CN218131784U - Large-scale high-efficient mercury-free catalyst converter - Google Patents

Abstract

The utility model provides a large-scale high-efficient mercury-free catalyst converter, it includes: the converter comprises a converter body, wherein a liquid inlet pipe and a liquid outlet pipe which are communicated with the converter body are arranged on the converter body; the conical end enclosure is fixedly connected with the upper end of the converter body, and a reaction gas inlet is formed in the conical end enclosure; the elliptical sealing head is fixedly connected with the lower end of the converter body, and a reaction gas outlet is formed in the elliptical sealing head; the distributor is fixedly arranged in the conical end socket and is provided with an opening which diffuses from the center to the outer edge; the heat exchange tube is arranged in the converter body, the upper end of the heat exchange tube is communicated with the conical end socket, and the lower end of the heat exchange tube is communicated with the oval end socket. The utility model discloses the problem that the catalyst in having avoided one section distance in the heat exchange tube upper end is blown off easily.

Description

Large-scale high-efficient mercury-free catalyst converter

Technical Field

The utility model relates to a converter technical field especially relates to a large-scale high-efficient mercury-free catalyst converter.

Background

As the technology advances, the mercury chloride catalyst used in the calcium carbide method production process is gradually replaced by the noble metal catalyst, so as to achieve the purposes of no mercury and environmental protection. The converter is the key equipment in the production process of the calcium carbide method, and the upper end and the lower end of the converter in the prior art are both oval seal heads generally, such as a conversion device for polyvinyl chloride disclosed in CN 212549491U. The end socket is the most important compression element of a pressure container (including a polyvinyl chloride converter), an elliptical end socket with the ratio of the long axis to the short axis of a rotating elliptical spherical bus of 2.0 is commonly called as a standard elliptical end socket, in recent years, the spinning manufacturing process is adopted, convenience is brought to the manufacture of a large-diameter elliptical end socket, and the elliptical end socket has good comprehensive performance and is widely used for medium and low pressure containers.

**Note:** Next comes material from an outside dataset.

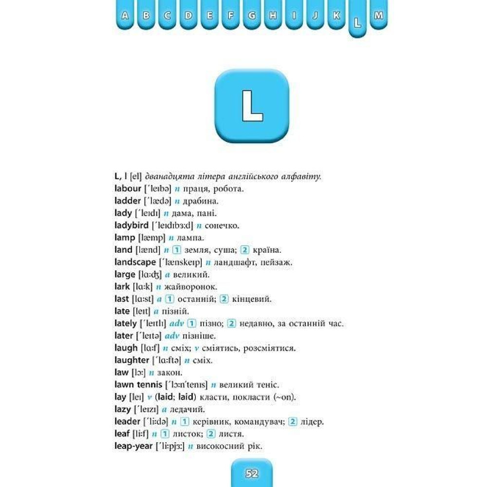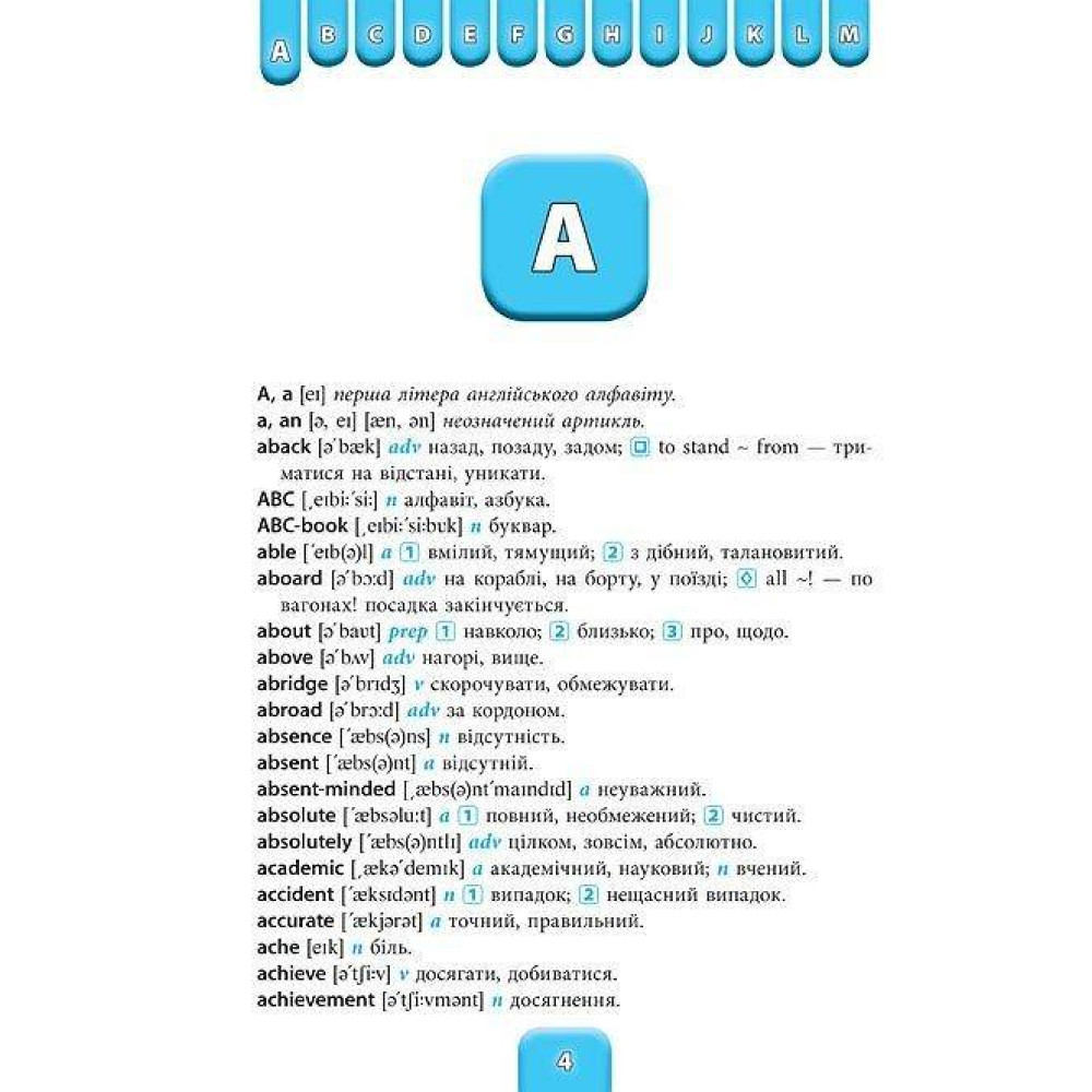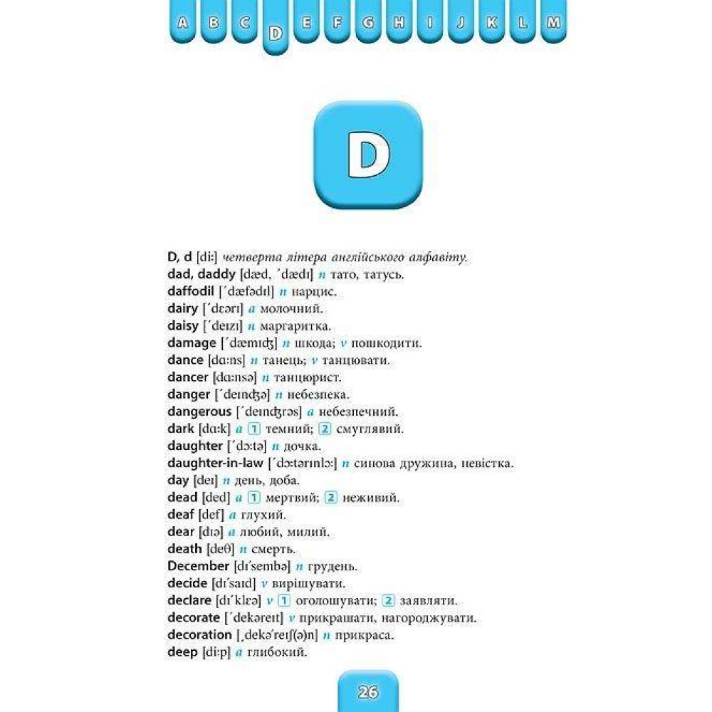 Англо-український словник призначений для учнів 1-4 класів, а також для всіх, хто тільки починає вивчати англійську мову. Видання містить більш ніж 3000 базових слів, які повинен знати учень молодшого шкільного віку.

However, in the actual operation process, due to the physical structure of the oval end socket, the distance between the reaction gas inlet and the upper part of the heat exchange tube is short, and the gas lacks a buffer space, so that the catalyst at the upper end of the heat exchange tube in a certain distance is easily blown out.

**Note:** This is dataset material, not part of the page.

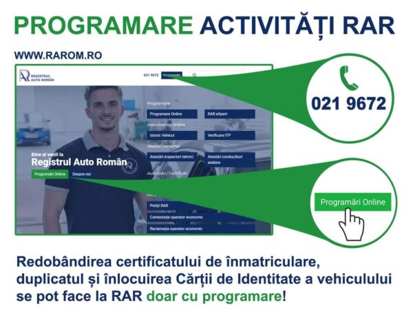 RAR informează că începând cu data de 15 noiembrie 2023, verificările necesare pentru redobândirea Certificatului de Înmatriculare reținut la controlul tehnic în trafic, eliberarea duplicatul și înlocuirea Cărții de identitate, vor necesita programare prealabilă.
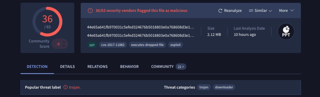 Let’s find the C2 addresses on VirusTotal’s “BEHAVIOR” tab inside the file report.

SUMMERY OF THE UTILITY MODEL

To exist not enough among the prior art, the utility model provides a large-scale high-efficient mercury-free catalyst converter, it has solved among the prior art reaction gas entry and heat exchange tube upper portion apart from near, and gas lacks buffer space, leads to the problem that catalyst in one section distance in the heat exchange tube upper end is blown off easily.

According to the utility model discloses an embodiment, a large-scale high-efficient mercury-free catalyst converter, it includes:

the converter comprises a converter body, wherein a liquid inlet pipe and a liquid outlet pipe which are communicated with the converter body are arranged on the converter body;

the conical end enclosure is fixedly connected with the upper end of the converter body, and a reaction gas inlet is formed in the conical end enclosure;

the elliptical end enclosure is fixedly connected with the lower end of the converter body, and a reaction gas outlet is formed in the elliptical end enclosure;

the distributor is fixedly arranged in the conical end socket and is provided with an opening which spreads from the center to the outer edge;

the heat exchange tube, the heat exchange tube sets up in the converter body, the heat exchange tube upper end with toper head intercommunication, lower extreme with oval head intercommunication, the toper head the heat exchange tube and oval head forms gas channel.

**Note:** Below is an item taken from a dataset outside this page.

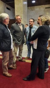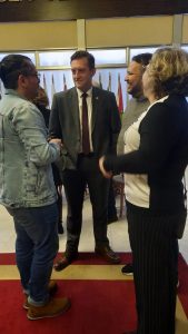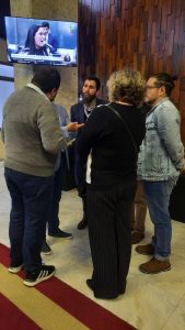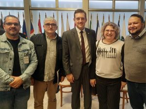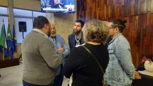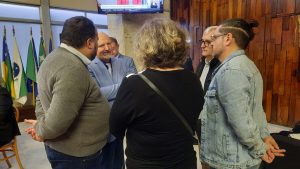 Os dirigentes do Sindjus, Osvaldir Rodrigues, Fabiano Zalazar; da Abojeris, Valdir Bueira; do Simpe, Alberto Ledur e Sandra Zembruski;  estiveram reunidos com os deputados Miguel Rossetto (PT), Luciana Genro (PSOL), Nadine Anflor (PSDB), Professor Bonatto (PSDB), Luiz Fernando Mainardi (PT), Guilherme Pasin (PP) e Frederico Antunes (PP), integrantes da CCJ, além de outros parlamentares que não integram a comissão.
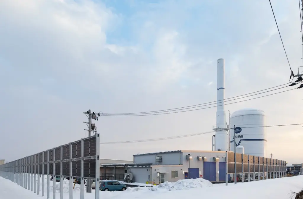 エア・ウォーターグループは、カーボンニュートラルの実現に向け、自社の温室効果ガス(GHG)排出量を減らす「責務」と、製品・事業を通じた社会のGHG排出削減への「貢献」の両面から取り組みを推進しており、その一環として、2026年度までに太陽光発電の導入設備容量10MWを目指す。豪雪地帯を含む全国14カ所への垂直ソーラー発電システム設置により、発電容量は1.3MW、CO2排出削減量は年間約590tを見込む。これによって2025年度の太陽光発電容量は合計6MWになる予定。

In the embodiment, the conical end socket is adopted at the upper end of the converter body, so that the reaction gas inlet is raised compared with the elliptical end socket, the distance between the reaction gas inlet and the upper part of the heat exchange tube is increased, namely, the stroke from gas to the heat exchange tube is increased, the gas buffering space is increased, and the problem that a catalyst in a distance at the upper end of the heat exchange tube is easily blown out is solved.

Further, the distributor is arranged at one third position of the lower end of the conical seal head.

Further, the diameter of the opening becomes gradually larger from the center of the distributor to the outer edge.

Further, the distributor is a conical structure protruding upwards, and the opening is formed in the conical surface of the conical structure.

Further, the opening is obliquely arranged, and the oblique square is consistent with the oblique square of the conical surface.

Furthermore, the upper end and the lower end of the converter body are respectively and fixedly connected with an upper tube plate and a lower tube plate, and the two ends of the heat exchange tube are respectively connected with the upper tube plate and the lower tube plate.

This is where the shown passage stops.